» Your task
Skip every picture, then write out exactly the lines of the listing below from the line that contains "Hình ảnh: Học" through the final line.

» Given data
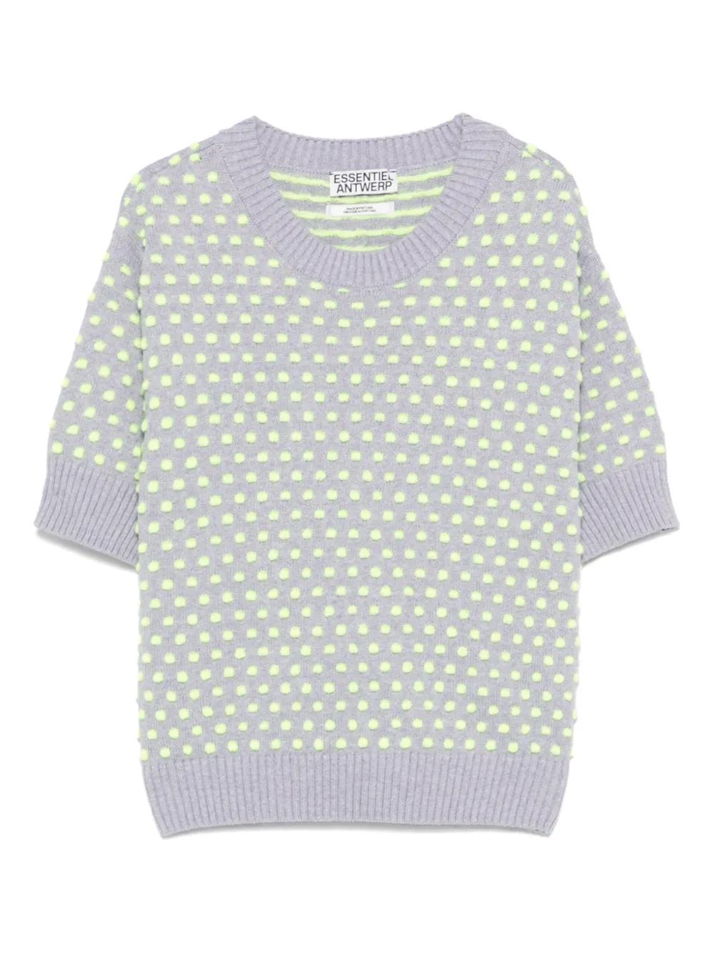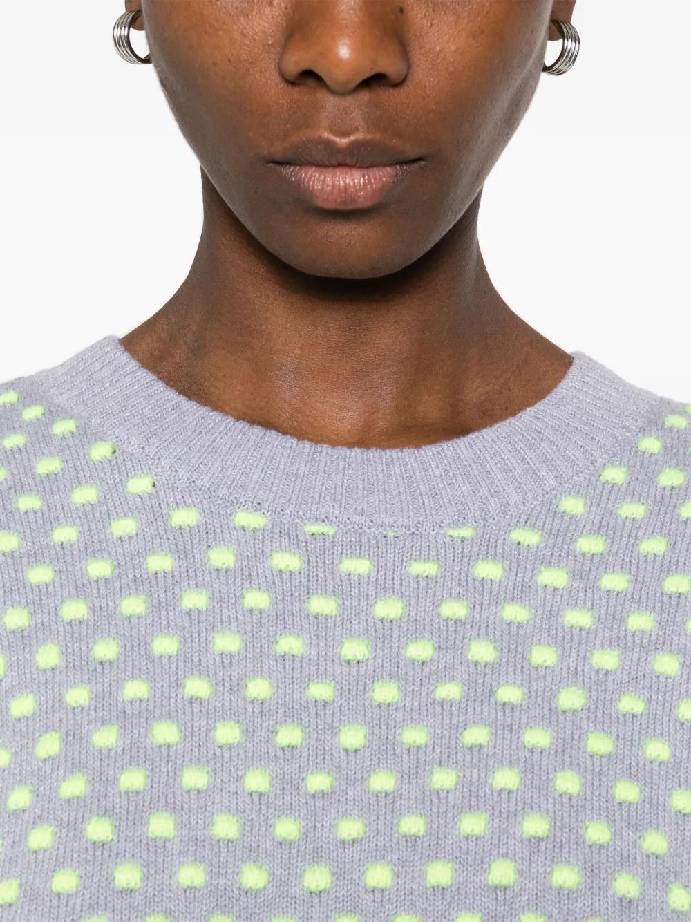 anthracite grey ribbed cuffs and hem polka dot embroidery crew neck
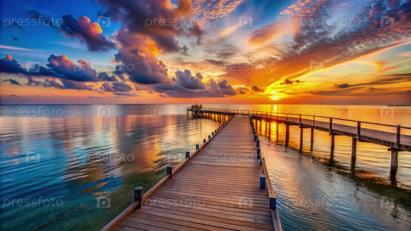 Спокойный деревянный пирс, простирающийся над спокойным морем на ярком горизонте захода солнца
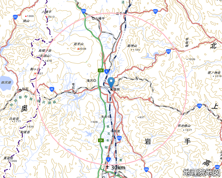 原発列島/地図で見る日本の全原発[距離可変] 日本の原発個別地図[距離可変] 原発 30km地図 - 『神隠しされた街』[付:県庁から30km] 原発 250km地図[付:県庁から250km] ■ 半径30km圏内地図・都道府県目次 北海道 青森県 岩手県 宮城県 秋田県 山形県 福島県 茨城県 栃木県 群馬県 埼玉県 千葉県 東京都 神奈川県 新潟県 富山県 石川県 福井県 山梨県 長野県 岐阜県 静岡県 愛知県 三重県 滋賀県 京都府 大阪府 兵庫県 奈良県 和歌山県 鳥取県 島根県 岡山県 広島県 山口県 徳島県 香川県 愛媛県 高知県 福岡県 佐賀県 長崎県 熊本県 大分県 宮崎県 鹿児島県 沖縄県 岩手県庁から半径30km圏内地図 ・この地図の円は、半径30kmを表しています。 ・岩手県庁(いわてけんちょう) ・盛岡市内丸10番1号
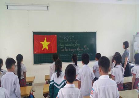 Hình ảnh: Học sinh thực hiện nghi lễ chào cờ vào thứ 2 đầu tuần
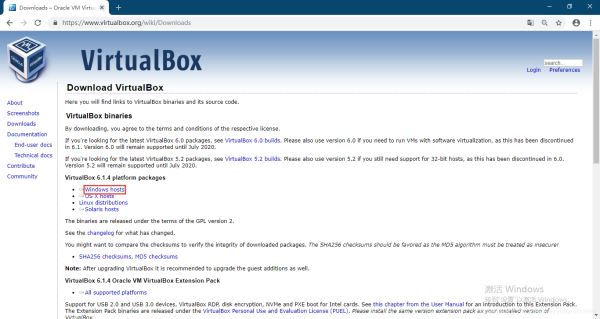 點(diǎn)擊“Downloads”按鈕,即跳轉(zhuǎn)自“VirtualBox 6.1.4 platform packages”下載頁面

» Written solution
 Hình ảnh: Học sinh thực hiện nghi lễ chào cờ vào thứ 2 đầu tuần
 點(diǎn)擊“Downloads”按鈕,即跳轉(zhuǎn)自“VirtualBox 6.1.4 platform packages”下載頁面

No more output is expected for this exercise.